• How to complete this task
One range is to be output from the listing below, exactly as written: the line with "- Auton kulutusmittarin" to the line with "A stylish notebook", both kept.

• Supplied data

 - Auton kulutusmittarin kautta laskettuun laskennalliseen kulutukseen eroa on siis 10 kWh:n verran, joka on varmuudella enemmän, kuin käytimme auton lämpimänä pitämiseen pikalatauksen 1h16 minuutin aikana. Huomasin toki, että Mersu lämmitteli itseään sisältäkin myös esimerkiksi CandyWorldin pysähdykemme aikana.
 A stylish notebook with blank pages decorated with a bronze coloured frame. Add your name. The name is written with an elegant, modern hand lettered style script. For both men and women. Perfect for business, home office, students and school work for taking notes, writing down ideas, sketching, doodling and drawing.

...

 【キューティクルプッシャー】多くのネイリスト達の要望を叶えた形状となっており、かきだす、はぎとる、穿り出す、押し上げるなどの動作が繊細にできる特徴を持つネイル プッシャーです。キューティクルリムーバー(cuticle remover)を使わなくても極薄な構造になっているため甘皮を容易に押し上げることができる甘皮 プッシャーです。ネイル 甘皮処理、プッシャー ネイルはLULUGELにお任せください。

--

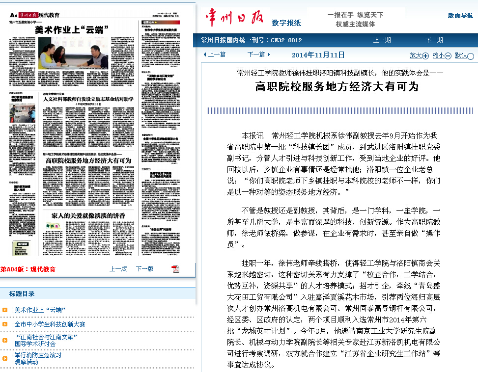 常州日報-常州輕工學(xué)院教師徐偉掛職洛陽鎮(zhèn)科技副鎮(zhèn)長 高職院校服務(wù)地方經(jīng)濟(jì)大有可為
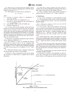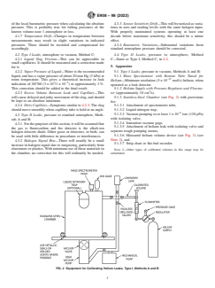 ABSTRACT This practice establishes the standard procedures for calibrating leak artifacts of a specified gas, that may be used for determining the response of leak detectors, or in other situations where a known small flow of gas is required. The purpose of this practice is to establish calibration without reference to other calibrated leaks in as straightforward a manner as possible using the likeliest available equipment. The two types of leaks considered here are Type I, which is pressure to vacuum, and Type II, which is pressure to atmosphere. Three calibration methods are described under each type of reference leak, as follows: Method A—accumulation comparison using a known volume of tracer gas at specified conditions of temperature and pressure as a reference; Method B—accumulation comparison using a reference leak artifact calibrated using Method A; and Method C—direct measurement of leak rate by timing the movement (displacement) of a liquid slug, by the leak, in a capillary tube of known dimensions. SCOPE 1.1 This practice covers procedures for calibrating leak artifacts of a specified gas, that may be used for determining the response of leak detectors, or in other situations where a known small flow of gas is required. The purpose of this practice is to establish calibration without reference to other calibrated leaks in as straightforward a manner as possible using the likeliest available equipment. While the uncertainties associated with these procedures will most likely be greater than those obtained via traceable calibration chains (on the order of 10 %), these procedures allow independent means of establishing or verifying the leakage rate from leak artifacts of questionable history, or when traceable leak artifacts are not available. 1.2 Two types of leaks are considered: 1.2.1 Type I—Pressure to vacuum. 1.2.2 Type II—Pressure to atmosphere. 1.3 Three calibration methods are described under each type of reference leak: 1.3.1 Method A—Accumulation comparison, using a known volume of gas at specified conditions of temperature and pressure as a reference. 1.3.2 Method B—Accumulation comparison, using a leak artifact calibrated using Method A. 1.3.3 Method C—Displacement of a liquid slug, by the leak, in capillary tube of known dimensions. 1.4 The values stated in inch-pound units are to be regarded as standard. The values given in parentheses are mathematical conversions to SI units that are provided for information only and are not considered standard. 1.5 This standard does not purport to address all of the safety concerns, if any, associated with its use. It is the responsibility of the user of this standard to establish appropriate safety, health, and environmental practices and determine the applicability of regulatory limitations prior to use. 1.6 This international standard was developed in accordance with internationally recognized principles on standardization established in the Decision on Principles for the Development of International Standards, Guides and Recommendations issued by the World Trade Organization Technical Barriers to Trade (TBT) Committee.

• Worked solution
 - Auton kulutusmittarin kautta laskettuun laskennalliseen kulutukseen eroa on siis 10 kWh:n verran, joka on varmuudella enemmän, kuin käytimme auton lämpimänä pitämiseen pikalatauksen 1h16 minuutin aikana. Huomasin toki, että Mersu lämmitteli itseään sisältäkin myös esimerkiksi CandyWorldin pysähdykemme aikana.
 A stylish notebook with blank pages decorated with a bronze coloured frame. Add your name. The name is written with an elegant, modern hand lettered style script. For both men and women. Perfect for business, home office, students and school work for taking notes, writing down ideas, sketching, doodling and drawing.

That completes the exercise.